A combinação dos dois sintomas — formação generalizada de coágulos e baixos níveis de plaquetas, às vezes com hemorragia — é muito rara, mas apresenta semelhanças com um dos efeitos secundários do uso da heparina, conforme descrito pela equipa de Sabine Eichinger e Andreas Greinacher, investigador no Instituto de Imunologia e Medicina Transfusional da Universidade de Greifswald (Alemanha), num artigo publicado na revista científica The New England Journal of Medicine. A questão aqui é que nenhum dos doentes estudados tinha tomado heparina antes de desenvolver os sintomas, mas todos tinham sido vacinados contra a Covid-19 nas duas semanas anteriores.

Reações semelhantes às que são induzidas pela heparina em alguns doentes também já foram identificadas após o uso de outros medicamentos ou mesmo depois de infeções virais ou bacterianas. Estes vários cenários clínicos desencadeados, aparentemente, por gatilhos não farmacológicos têm sido classificados como uma trombocitopenia autoimune — isto é, resulta da resposta do sistema imunitário —, escreveram os autores do artigo. Mas a forma como as plaquetas são ativadas após a administração da vacina — ou seja, que mecanismos justificam os acontecimentos —, o papel que desempenham os anticorpos ou mesmo o papel dos adenovírus nesta ativação, continuam por explicar.

“Ao contrário das situações clássicas de trombocitopenia induzida pela heparina, os doentes com [este tipo de] trombocitopenia autoimune, apresentam uma trombocitopenia invulgarmente grave, um aumento na frequência coágulos intravascular disseminados e eventos trombóticos atípicos.”
Greinacher et al. (2021) NEJM

Quais são os tratamentos possíveis nestes casos?

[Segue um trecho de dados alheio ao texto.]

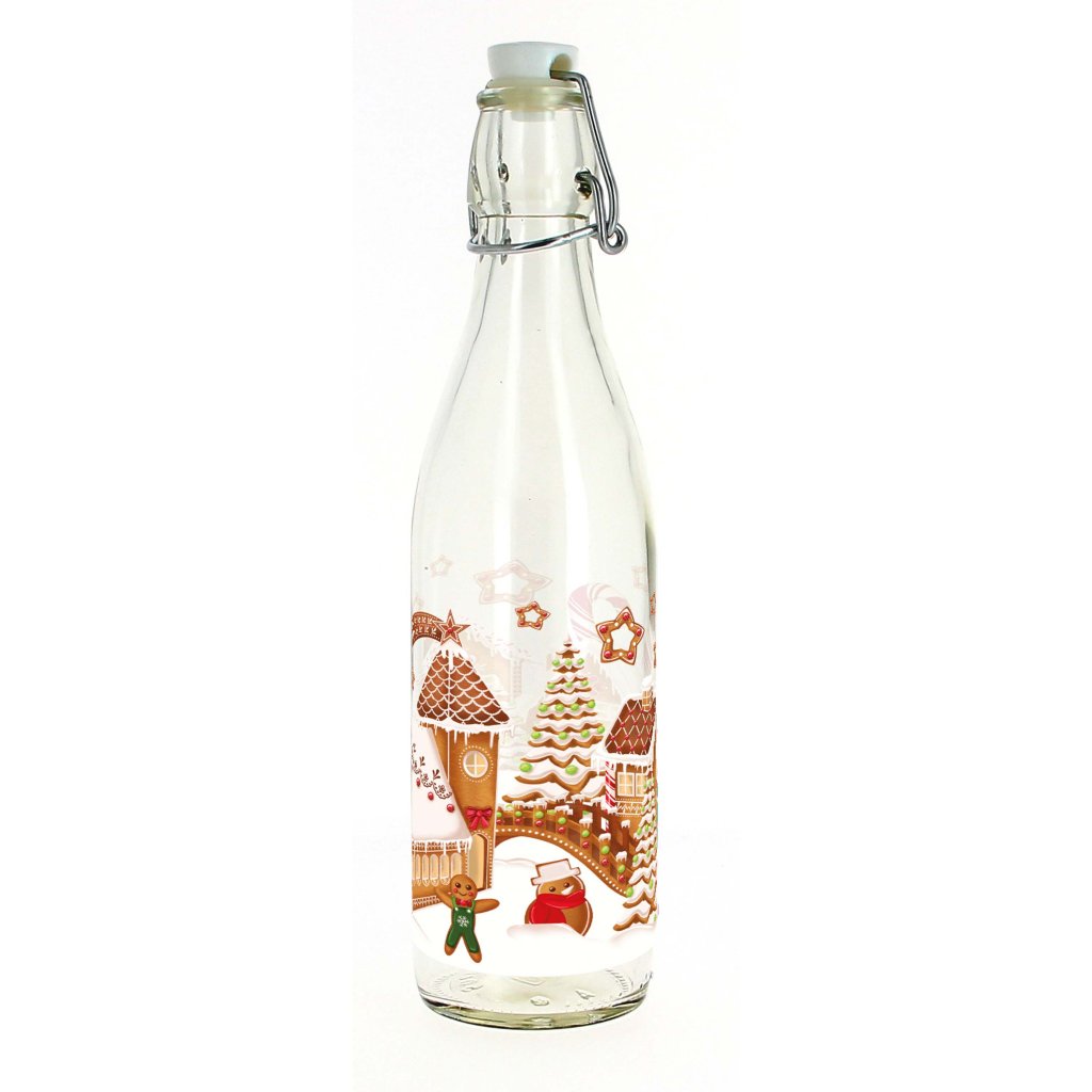 BOTTLE WITH SNAP CAP 1L GINGERBREAD VILLAGE
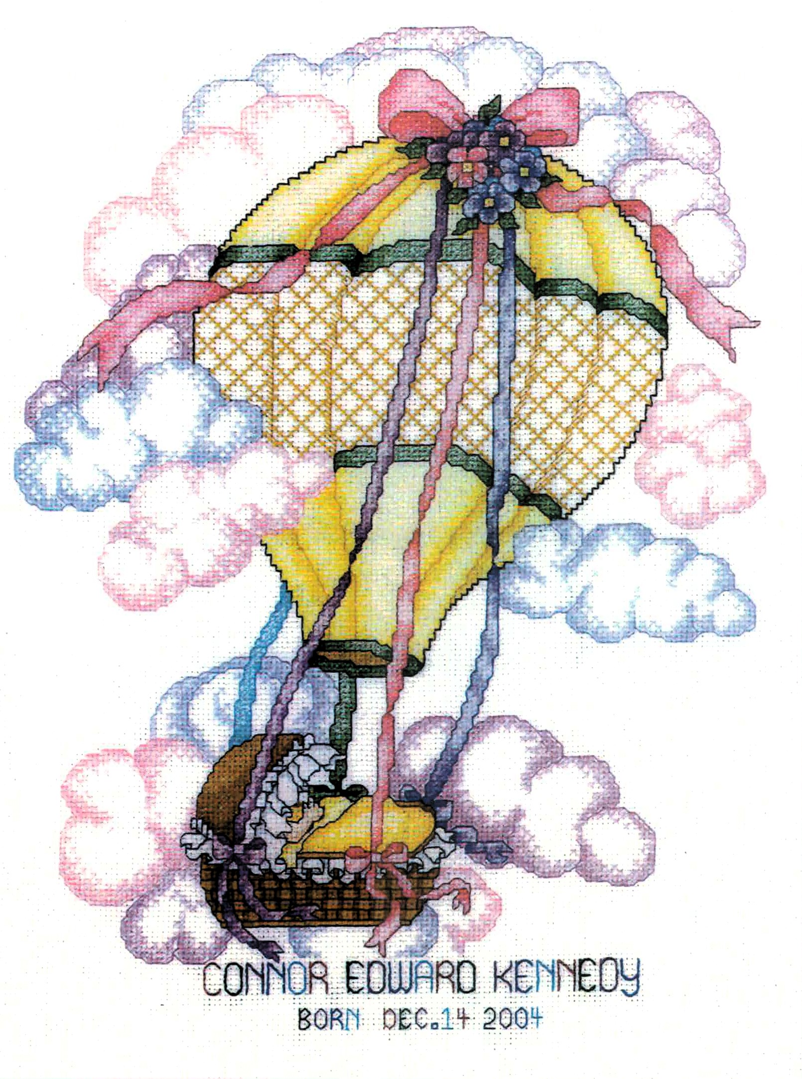 A sweet new baby, floating through a calm sky of fluffy clouds, is on its way to a special home near you! Stitch this adorable baby sampler for a much-loved child in your life.
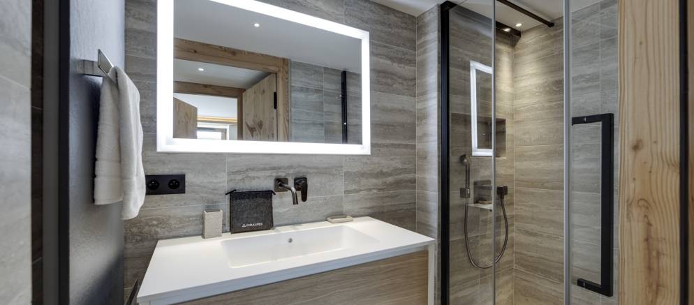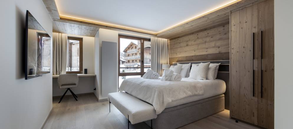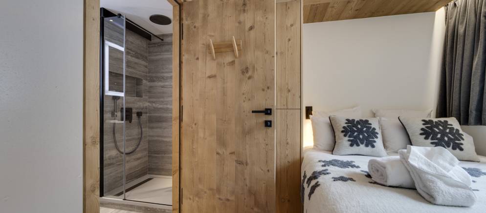 The Ercina Residence in Val d’Isere is in a prime location in a quiet residential area, just 500 metres from the ski slopes and resort centre. Apartment Ecrina 104 is an elegant 120m2 duplex apartment arranged on the first floor of this high-end residence. Guests also have access to the shared wellness facilities in the residence which includes an indoor swimming pool.
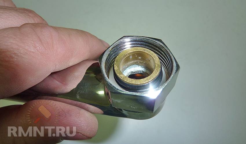 Следующей снимается вторая декоративная насадка. Она выполняет роль крышки и установлена поверх корпуса. Установлена она при помощи кольцевой гайки, которая в нормальном состоянии легко откручивается. Предположим, что гайка заржавела и открутить её не получается. Тогда резьба попросту срывается трубным краном или руками. Она не имеет никакого конструктивного назначения и выполняет, исключительно, декоративную функцию;
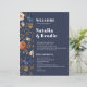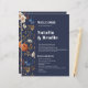 A lovely handpainted watercolor border with a modern font and dark moody theme. A dark and moody French Country design. Easily edit the template to suit your wedding event. Navy Blue Terracotta Bohemian Wedding Program.
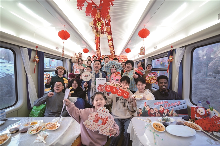 在歌聲、鼓聲、歡笑聲中,出鍋的餃子讓跨年列車的車廂年味更濃,把“春運(yùn)回家”這一樸素而又濃烈的幸福感,通過舌尖味蕾傳遞,把“團(tuán)圓便是年”“回家的路就是最美的風(fēng)景”,通過餃子這一代表著中國人情愫強(qiáng)烈的文化符號,將天南海北奔赴山海的人們團(tuán)聚在列車、歡度在旅途。
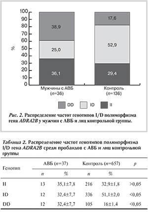 В ходе исследования проанализировано распределение генотипов гена ADRA2B среди пробандов с АВБ. Результаты представлены в табл. 2.

Numa situação vulgar de coágulos sanguíneos, a heparina seria o medicamento a usar. É um anticoagulante que evita o aumento do número de coágulos, promove a sua destruição e torna o sangue mais fluido. Mas, por aumentar a fluidez do sangue, a heparina não é recomendada nos casos de trombocitopenia — baixa contagem de plaquetas, que têm como função facilitar a cicatrização —, porque pode aumentar o risco de uma hemorragia.

Nestes casos, em que os coágulos sanguíneos surgem ao mesmo tempo que os baixos níveis de plaquetas, torna-se inviável usar este tipo de tratamento. A primeira mulher que apresentou coágulos sanguíneos depois da vacinação, na Áustria, quando nada se sabia sobre esta condição rara, foi tratada com heparina e o tratamento teve de ser interrompido devido a hemorragias dispersas no sistema digestivo. A enfermeira de 49 anos acabou por morrer.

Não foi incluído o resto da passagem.